## REQUIRED ACTION
If a record holds a picture, leave the picture out and restate everything else word for word.

## RECORDS FOR THIS TASK
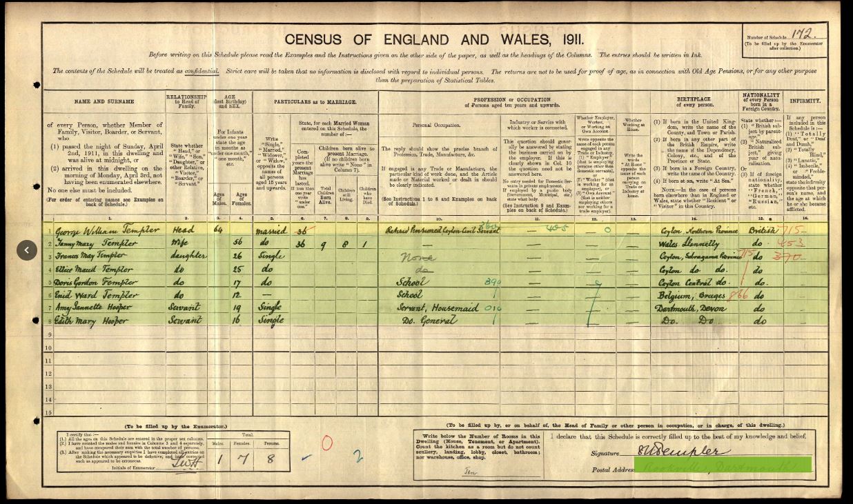 She married George William Templer in Kegalle, Sri Lanka when she was 21. She had her first two children back in the UK. Ida was born in Kandy in 1879.
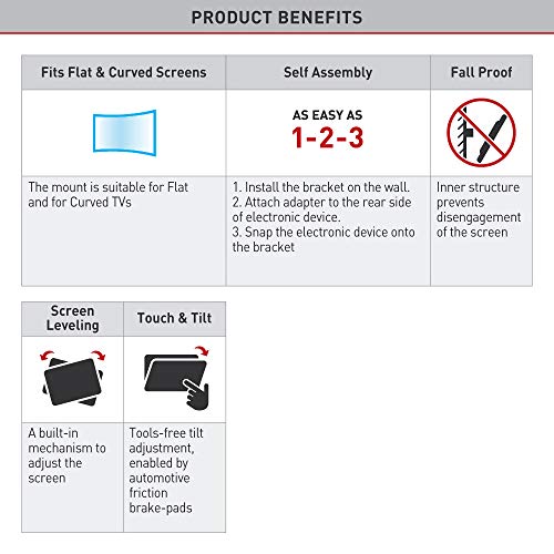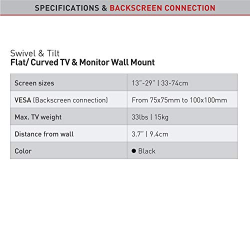 Barkan E120 - Supporto da parete orientabile e inclinabile fino a 100 x 100 mm, per TV a schermo piatto da 15 a 29", 38-74 cm
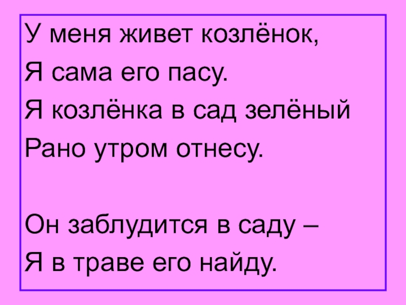 У меня живет козлёнок,Я сама его пасу.Я козлёнка в сад зелёный Рано утром отнесу.Он заблудится в саду
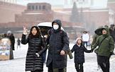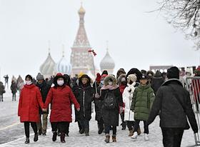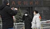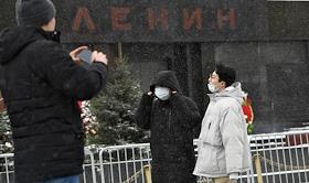 Иностранные туристы из Азии на Красной площади фотографируются у Мавзолея вождя революции Владимира Ленина.
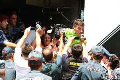 Ցուցարարները ոստիկանության օգնությամբ իրենց իրերը տեղափոխում են Ազատության հրապա...
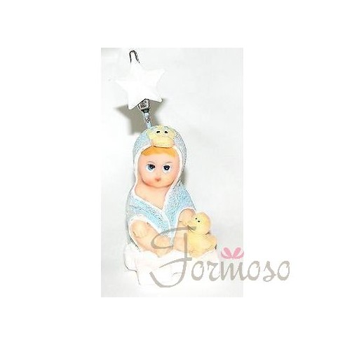 Bimbo bagnetto celeste baby in resina clip porta foto h 80 mm - Art.05028
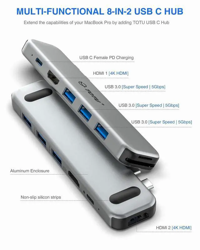 8 in 2 USB C Hub For MacBook Pro & MacBook Air: TOTU USB C hub multiport adapter is specially designed for MacBook Pro 2016 - 2021, MacBook Air 2018 or later version. Equipped with dual 4K HDMI ports, 92W USB-C power delivery port, 3 USB 3.0 ports, SD&TF card reader slots.
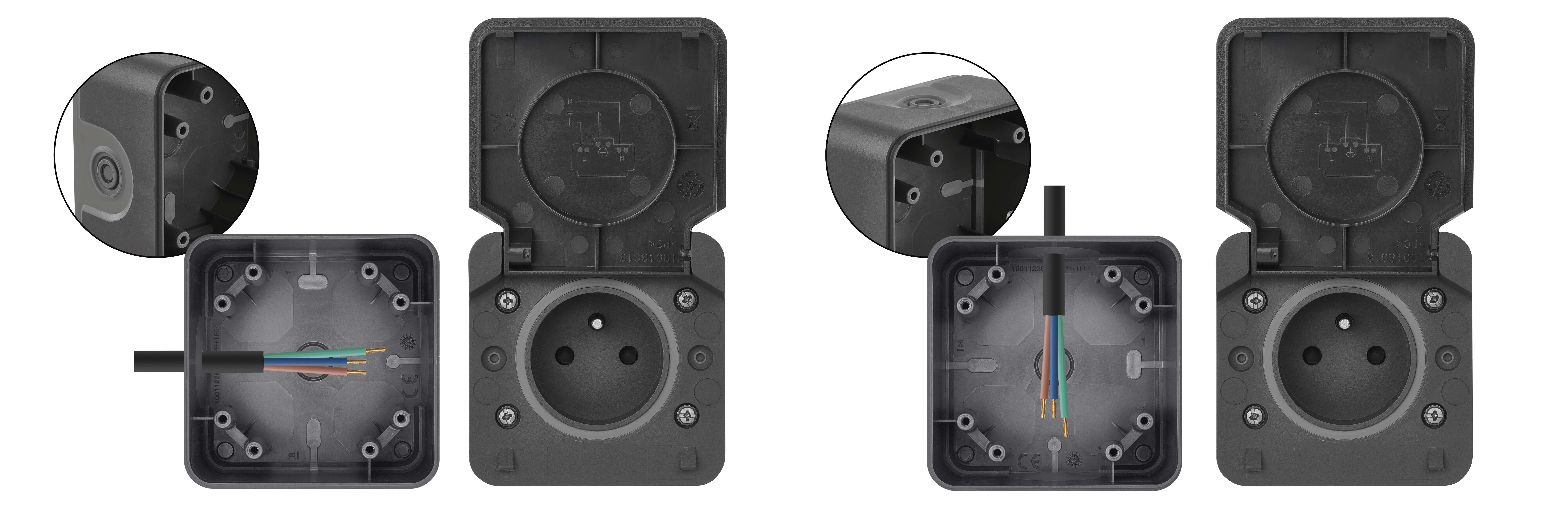 Horizontálna a vertikálna montáž. Pružné tesnenie chráni pred nežiaducimi vplyvmi prostredia. Priechod pre kábel umožňuje jednoduché pripojenie kábla alebo objímky, čo zaručuje univerzálnosť pre akýkoľvek typ inštalácie.
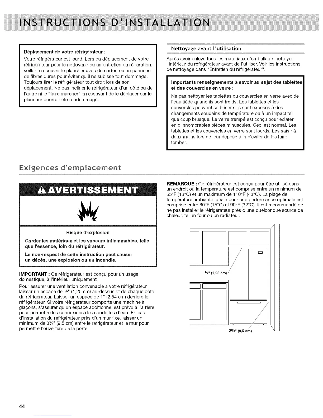 minimum de 33/4"(9,5 cm) entre le refrigerateur et lemur pour
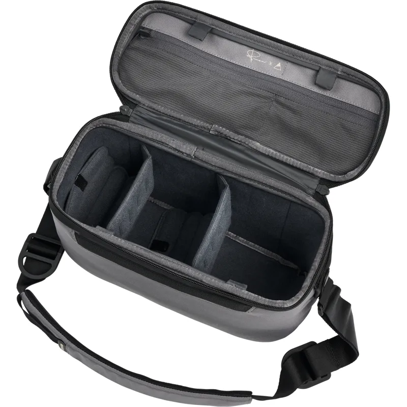 Luma Camera Sling 12L is a photographer's compact powerhouse. Despite its sleek silhouette, the Luma Camera Sling 12L is deceptively spacious, accommodating an impressive amount of gear. If you want to forgo the capacity of a backpack, this sling bag proves itself with its roomy interior. Inside, there are adjustable, shelf-like dividers that allow for flexible organization of equipment, adapting to your specific needs.
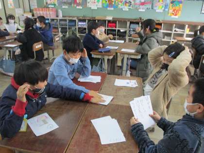 冬休み明けの国語科の学習「冬の楽しみ」では、年末やお正月、節分などの行事の様子を思い浮かべながら、冬の行事にまつわるかるたを作りました。今日は作ったかるたを使って、グループごとにかるた取りをしました。どのグループも楽しそうで、盛り上がっていました。
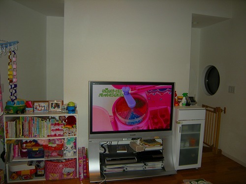 これぞ『リフォームマジック』!最初は、「エアコンの効率が良くないから、リビングと階段との間の開口にロールスクリーンを付けて欲しい!」というご要望だったのですが・・・。「子供の成長と共にモノが増えてしまったので、それを収納出来るテレビボードが欲しいの!」というご要望が奥様から出てきて、「それでは、ロールスクリーンではなく、家具の中に組み込んだ方がスッキリしますよ!」という事で、家具の背面に引戸を収納出来るように造作家具を作成致しました!
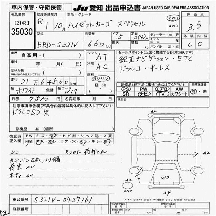 Статус выставлен на аукцион Лот 35030 Аукцион JU Aichi Дата аукциона 29.01.2026
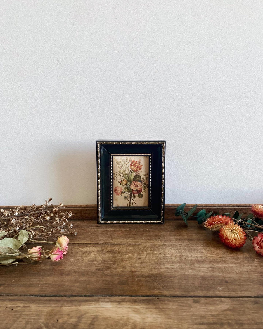 Délicat bouquet de roses peint sur soie dans son charmant petit cadre noir et doré.
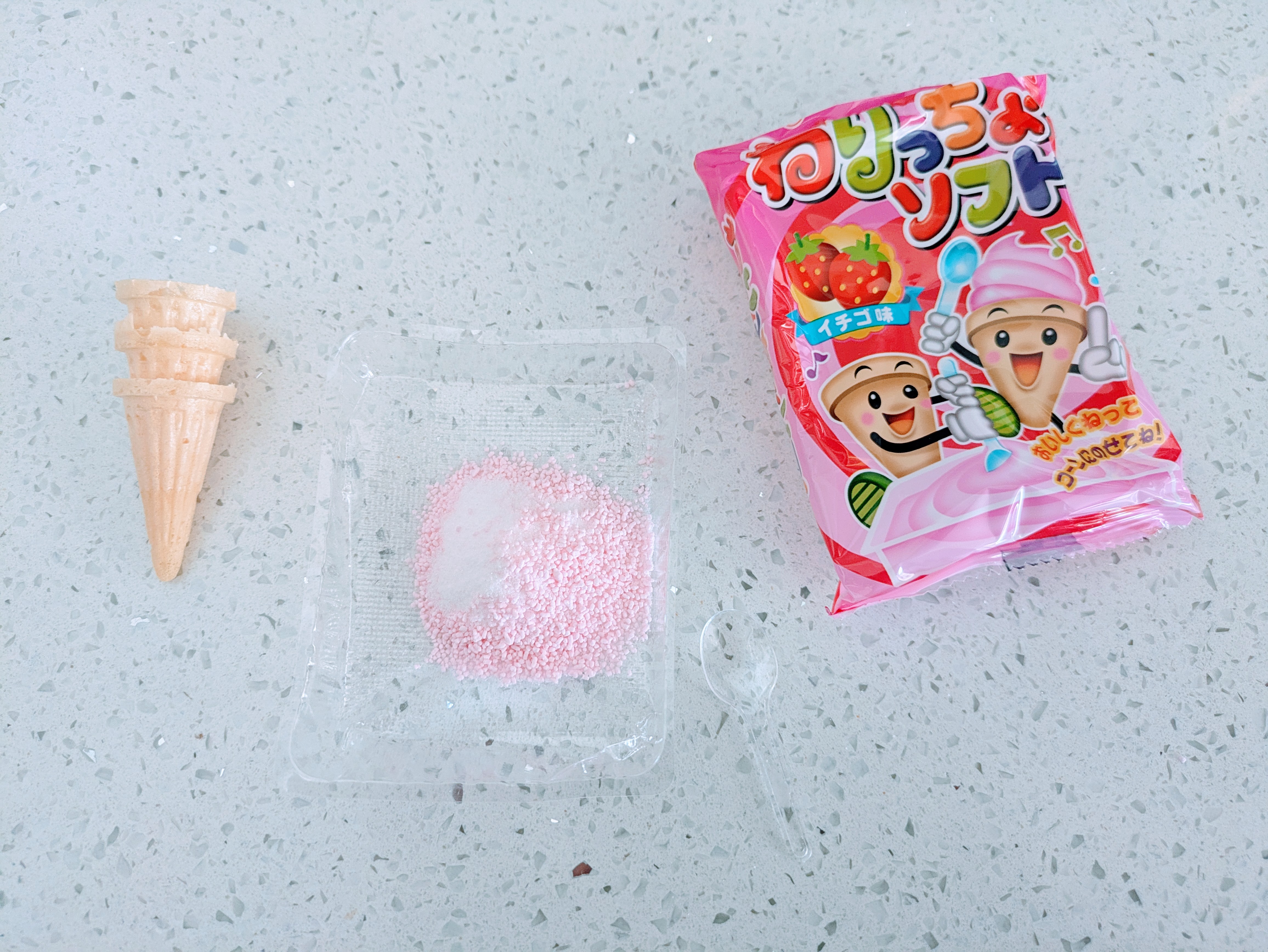 My kids and I were completely in awe of this amazing candy! It was so cool! We got to make out own strawberry candy ‘ice cream’ complete with cone. We have never seen anything like it. It was so easy, just add water to the power, stir, and like magic, you have ‘ice cream’. Not only was it cute and so much fun, but it was delicious too!
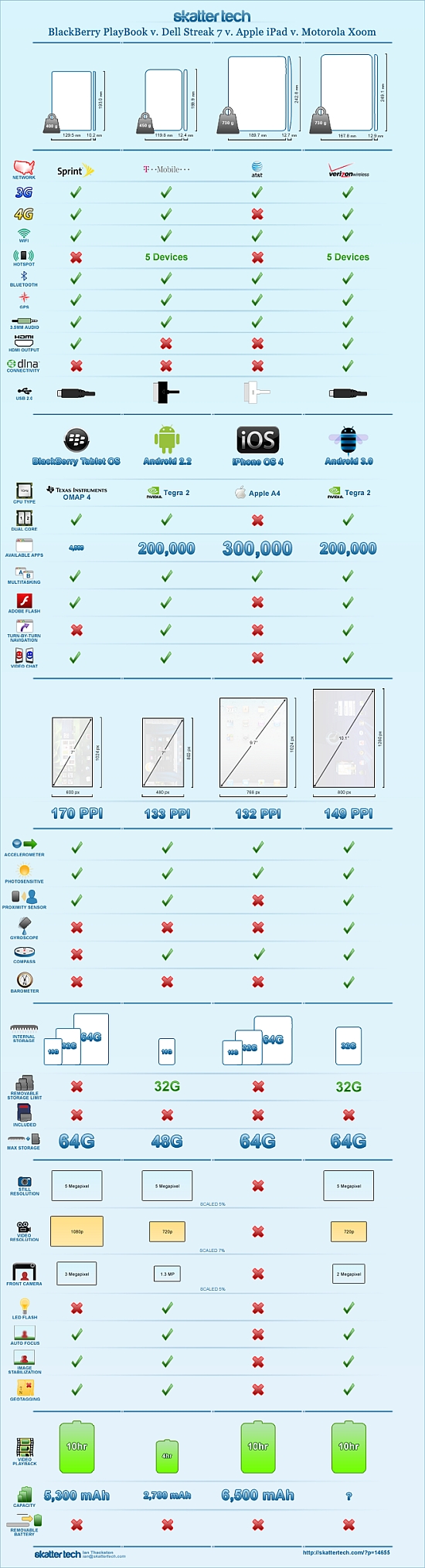 Die Kollegen von Skattertech haben sich wirklich eine Menge Mühe gemacht diese Infografik für uns zu erstellen. Sie zeigt vier Tablets, die miteinander verglichen werden. Es sind zwei 7-Zoll Tablets (BlackBerry PlayBook und Dell Streak 7) und zwei 10-Zoll Tablets (Apple iPad und Motorola Xoom) gegenüber gestellt. Man kann gut sehen welche Features dem ein oder anderen Tablet fehlen bzw. welches Tablet die besten Features hat. Man kann auch erkennen, dass das Dell Streak leider mit 2700mAh den wohl kleinsten Akku verbaut haben wird, was sich natürlich auch auf die Akkulaufzeit auswirkt und dem Tablet die schlechteste Akkulaufzeit dieser vier Tablets beschert.

## COMPLETED EXERCISE
 She married George William Templer in Kegalle, Sri Lanka when she was 21. She had her first two children back in the UK. Ida was born in Kandy in 1879.
 Barkan E120 - Supporto da parete orientabile e inclinabile fino a 100 x 100 mm, per TV a schermo piatto da 15 a 29", 38-74 cm
 У меня живет козлёнок,Я сама его пасу.Я козлёнка в сад зелёный Рано утром отнесу.Он заблудится в саду
 Иностранные туристы из Азии на Красной площади фотографируются у Мавзолея вождя революции Владимира Ленина.
 Ցուցարարները ոստիկանության օգնությամբ իրենց իրերը տեղափոխում են Ազատության հրապա...
 Bimbo bagnetto celeste baby in resina clip porta foto h 80 mm - Art.05028
 8 in 2 USB C Hub For MacBook Pro & MacBook Air: TOTU USB C hub multiport adapter is specially designed for MacBook Pro 2016 - 2021, MacBook Air 2018 or later version. Equipped with dual 4K HDMI ports, 92W USB-C power delivery port, 3 USB 3.0 ports, SD&TF card reader slots.
 Horizontálna a vertikálna montáž. Pružné tesnenie chráni pred nežiaducimi vplyvmi prostredia. Priechod pre kábel umožňuje jednoduché pripojenie kábla alebo objímky, čo zaručuje univerzálnosť pre akýkoľvek typ inštalácie.
 minimum de 33/4"(9,5 cm) entre le refrigerateur et lemur pour
 Luma Camera Sling 12L is a photographer's compact powerhouse. Despite its sleek silhouette, the Luma Camera Sling 12L is deceptively spacious, accommodating an impressive amount of gear. If you want to forgo the capacity of a backpack, this sling bag proves itself with its roomy interior. Inside, there are adjustable, shelf-like dividers that allow for flexible organization of equipment, adapting to your specific needs.
 冬休み明けの国語科の学習「冬の楽しみ」では、年末やお正月、節分などの行事の様子を思い浮かべながら、冬の行事にまつわるかるたを作りました。今日は作ったかるたを使って、グループごとにかるた取りをしました。どのグループも楽しそうで、盛り上がっていました。
 これぞ『リフォームマジック』!最初は、「エアコンの効率が良くないから、リビングと階段との間の開口にロールスクリーンを付けて欲しい!」というご要望だったのですが・・・。「子供の成長と共にモノが増えてしまったので、それを収納出来るテレビボードが欲しいの!」というご要望が奥様から出てきて、「それでは、ロールスクリーンではなく、家具の中に組み込んだ方がスッキリしますよ!」という事で、家具の背面に引戸を収納出来るように造作家具を作成致しました!
 Статус выставлен на аукцион Лот 35030 Аукцион JU Aichi Дата аукциона 29.01.2026
 Délicat bouquet de roses peint sur soie dans son charmant petit cadre noir et doré.
 My kids and I were completely in awe of this amazing candy! It was so cool! We got to make out own strawberry candy ‘ice cream’ complete with cone. We have never seen anything like it. It was so easy, just add water to the power, stir, and like magic, you have ‘ice cream’. Not only was it cute and so much fun, but it was delicious too!
 Die Kollegen von Skattertech haben sich wirklich eine Menge Mühe gemacht diese Infografik für uns zu erstellen. Sie zeigt vier Tablets, die miteinander verglichen werden. Es sind zwei 7-Zoll Tablets (BlackBerry PlayBook und Dell Streak 7) und zwei 10-Zoll Tablets (Apple iPad und Motorola Xoom) gegenüber gestellt. Man kann gut sehen welche Features dem ein oder anderen Tablet fehlen bzw. welches Tablet die besten Features hat. Man kann auch erkennen, dass das Dell Streak leider mit 2700mAh den wohl kleinsten Akku verbaut haben wird, was sich natürlich auch auf die Akkulaufzeit auswirkt und dem Tablet die schlechteste Akkulaufzeit dieser vier Tablets beschert.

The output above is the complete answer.